Lower Township Mayor Frank Sippel did not immediately respond to a request for comment.

When the public smoking ordinance came up for a vote May 3, a resident asked how it would impact the private beaches in Diamond Beach.

“That’s private property. It’s up to the property owner,” said township attorney David Stefankiewicz.

Under the legislation signed by Gov. Phil Murphy in February creating a legal cannabis market, municipalities have until the summer to decide where to allow cannabis dispensaries, and whether to allow them at all.

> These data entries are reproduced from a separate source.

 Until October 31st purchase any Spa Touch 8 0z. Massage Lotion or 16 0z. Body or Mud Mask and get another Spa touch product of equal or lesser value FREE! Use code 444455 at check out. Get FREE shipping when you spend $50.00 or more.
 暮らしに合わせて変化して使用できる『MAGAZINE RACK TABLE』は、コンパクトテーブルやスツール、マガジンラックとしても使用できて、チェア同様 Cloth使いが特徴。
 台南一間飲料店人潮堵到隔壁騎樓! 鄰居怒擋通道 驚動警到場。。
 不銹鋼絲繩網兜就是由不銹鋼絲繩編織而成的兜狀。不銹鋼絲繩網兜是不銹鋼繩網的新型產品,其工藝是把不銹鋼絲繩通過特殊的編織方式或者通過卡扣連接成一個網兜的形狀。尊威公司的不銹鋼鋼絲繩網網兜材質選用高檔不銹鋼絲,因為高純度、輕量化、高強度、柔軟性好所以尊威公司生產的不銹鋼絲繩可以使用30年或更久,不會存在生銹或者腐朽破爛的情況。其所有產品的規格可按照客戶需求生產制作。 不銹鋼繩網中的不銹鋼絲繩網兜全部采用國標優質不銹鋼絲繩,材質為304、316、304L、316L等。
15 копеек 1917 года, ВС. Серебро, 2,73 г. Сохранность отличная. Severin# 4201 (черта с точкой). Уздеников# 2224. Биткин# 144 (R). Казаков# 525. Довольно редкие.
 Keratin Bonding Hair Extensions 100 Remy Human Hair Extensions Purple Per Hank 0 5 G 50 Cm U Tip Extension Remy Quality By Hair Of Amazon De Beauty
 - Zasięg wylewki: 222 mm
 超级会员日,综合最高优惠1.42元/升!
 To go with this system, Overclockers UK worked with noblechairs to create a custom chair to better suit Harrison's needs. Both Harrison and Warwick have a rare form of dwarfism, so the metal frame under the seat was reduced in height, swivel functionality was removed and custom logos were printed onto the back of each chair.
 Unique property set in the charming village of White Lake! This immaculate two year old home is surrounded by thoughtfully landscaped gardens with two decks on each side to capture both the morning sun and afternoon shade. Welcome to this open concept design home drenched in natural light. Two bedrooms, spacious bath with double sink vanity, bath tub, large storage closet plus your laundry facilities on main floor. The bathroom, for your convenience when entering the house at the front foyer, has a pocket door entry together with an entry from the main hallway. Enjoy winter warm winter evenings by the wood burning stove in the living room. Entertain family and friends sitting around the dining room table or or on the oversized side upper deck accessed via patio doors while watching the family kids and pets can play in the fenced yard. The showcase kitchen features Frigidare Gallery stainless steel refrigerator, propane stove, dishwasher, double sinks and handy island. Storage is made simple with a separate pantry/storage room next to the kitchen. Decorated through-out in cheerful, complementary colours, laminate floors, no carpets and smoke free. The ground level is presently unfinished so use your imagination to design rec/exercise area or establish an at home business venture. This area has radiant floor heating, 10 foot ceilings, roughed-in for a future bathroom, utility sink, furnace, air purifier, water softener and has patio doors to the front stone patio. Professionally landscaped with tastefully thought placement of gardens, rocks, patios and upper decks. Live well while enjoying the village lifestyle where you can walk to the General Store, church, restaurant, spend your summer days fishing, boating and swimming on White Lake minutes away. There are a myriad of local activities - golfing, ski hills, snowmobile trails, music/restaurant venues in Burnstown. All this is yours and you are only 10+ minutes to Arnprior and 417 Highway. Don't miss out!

Multiple communities have approved ordinances prohibiting cannabis businesses, including Ocean City and Stone Harbor. Upper Township joined the club Monday, approving ordinances banning cannabis sales and public consumption.

Even more communities have enacted bans on smoking, vaping or otherwise consuming cannabis in public places. Middle Township has so far held off on banning sales to adults in town, and the Township Committee has supported locating a medical marijuana facility in town. But this month the township approved a similar ordinance banning its use on public property.

The local ordinances will not prevent people from using marijuana on private property, or prevent people from either buying it out of town or having it delivered once licensed businesses start to open.

“If you want to hang out on your front porch on a Friday night and relax, that’s going to be within your rights,” Middle Township Mayor Tim Donohue said during a recent meeting. The township can only control what happens on public property and in the public right of way.

He said legal sales will not be available until the end of the year at the earliest. He said Middle Township will hold public hearings to get more input on the issue.